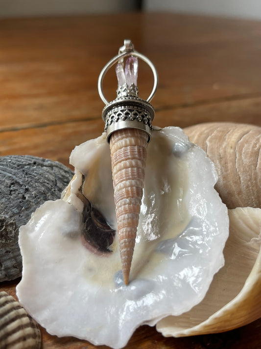 Ocean Royalty • Amethyst Auger Shell Statement Necklace
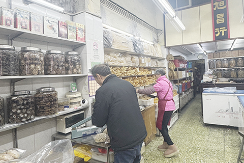 在紅街市及義字街一帶,近日人流明顯增多,有海味舖負責人稱,行街的人確實是多了,不過買年貨的客人未見多,一般都是買少少冬菇、蠔豉、雲耳、魷魚、金針、粉絲等普通年貨,花膠、鮑魚、海蔘等貴價年貨,銷情麻麻,就算熟客都是買「啲啲」,夠煲一、兩餐湯,大家都是「就住就住駛錢」。
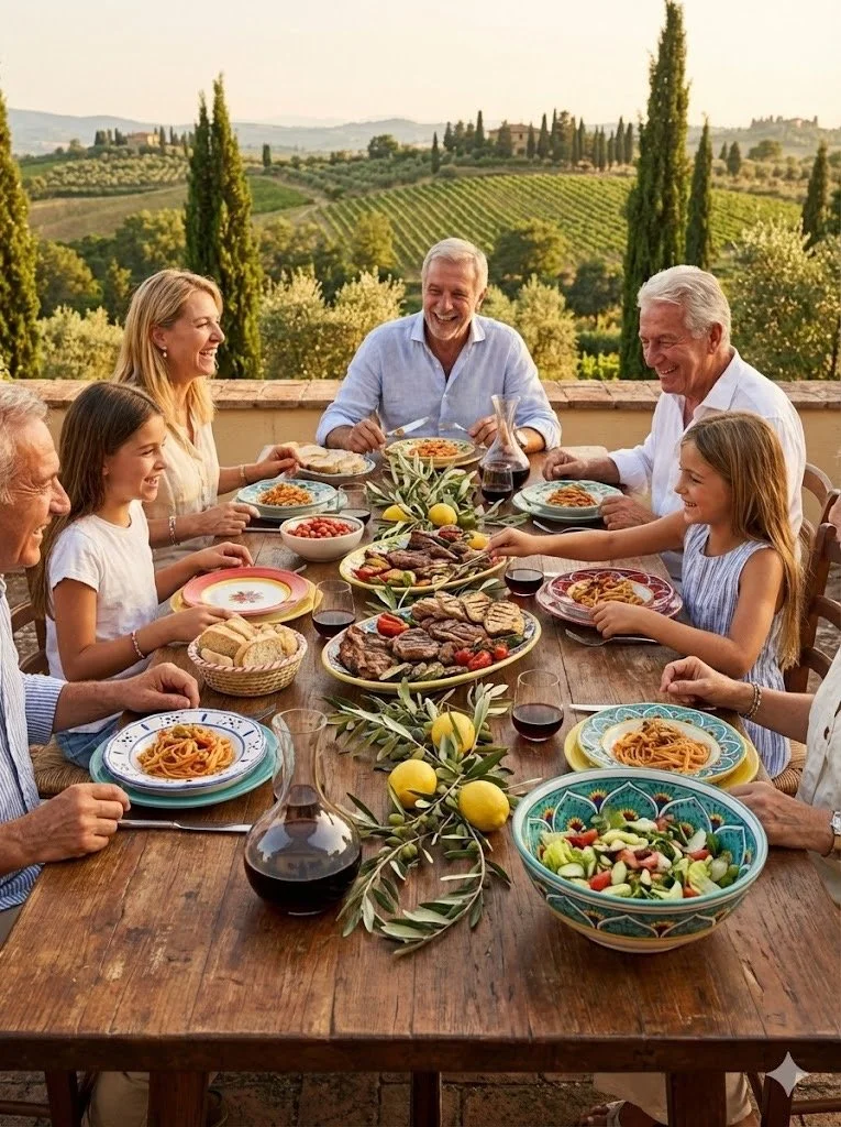 In Italy, a full table isn’t just about food — it’s about family, conversation, and the everyday beauty of gathering together.
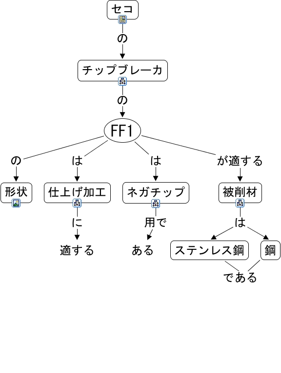 このコンセプトマップに関連する情報: FF1, 被削材 は ステンレス鋼, FF1 は 仕上げ加工, FF1 の <math xmlns="http://www.w3.org/1998/Math/MathML"> <mtext> 形状 </mtext> </math>, 仕上げ加工 に 適する, ステンレス鋼 である, 鋼 である, セコ の チップブレーカ, ネガチップ 用で ある, FF1 が適する 被削材, チップブレーカ の FF1, FF1 は ネガチップ, 被削材 は 鋼
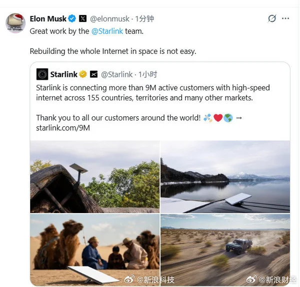 根據星鏈發布的信息,目前其高速互聯網服務已覆蓋全球155個國家、地區和許多其他市場。從用戶增長軌跡來看,星鏈的發展速度驚人。公開資料顯示,其用戶數在2022年底約為100萬,到2023年9月超過200萬,并在2024年5月突破了300萬。進入2025年,增長進一步加速,先后突破了600萬、700萬和800萬用戶大關。此次達到900萬用戶,意味著在短短數月內又新增了約100萬用戶。

________

Please print the data above in its entirety, exactly, but without any picture.

Output for this task:
 Ocean Royalty • Amethyst Auger Shell Statement Necklace
 在紅街市及義字街一帶,近日人流明顯增多,有海味舖負責人稱,行街的人確實是多了,不過買年貨的客人未見多,一般都是買少少冬菇、蠔豉、雲耳、魷魚、金針、粉絲等普通年貨,花膠、鮑魚、海蔘等貴價年貨,銷情麻麻,就算熟客都是買「啲啲」,夠煲一、兩餐湯,大家都是「就住就住駛錢」。
 In Italy, a full table isn’t just about food — it’s about family, conversation, and the everyday beauty of gathering together.
 このコンセプトマップに関連する情報: FF1, 被削材 は ステンレス鋼, FF1 は 仕上げ加工, FF1 の <math xmlns="http://www.w3.org/1998/Math/MathML"> <mtext> 形状 </mtext> </math>, 仕上げ加工 に 適する, ステンレス鋼 である, 鋼 である, セコ の チップブレーカ, ネガチップ 用で ある, FF1 が適する 被削材, チップブレーカ の FF1, FF1 は ネガチップ, 被削材 は 鋼
 根據星鏈發布的信息,目前其高速互聯網服務已覆蓋全球155個國家、地區和許多其他市場。從用戶增長軌跡來看,星鏈的發展速度驚人。公開資料顯示,其用戶數在2022年底約為100萬,到2023年9月超過200萬,并在2024年5月突破了300萬。進入2025年,增長進一步加速,先后突破了600萬、700萬和800萬用戶大關。此次達到900萬用戶,意味著在短短數月內又新增了約100萬用戶。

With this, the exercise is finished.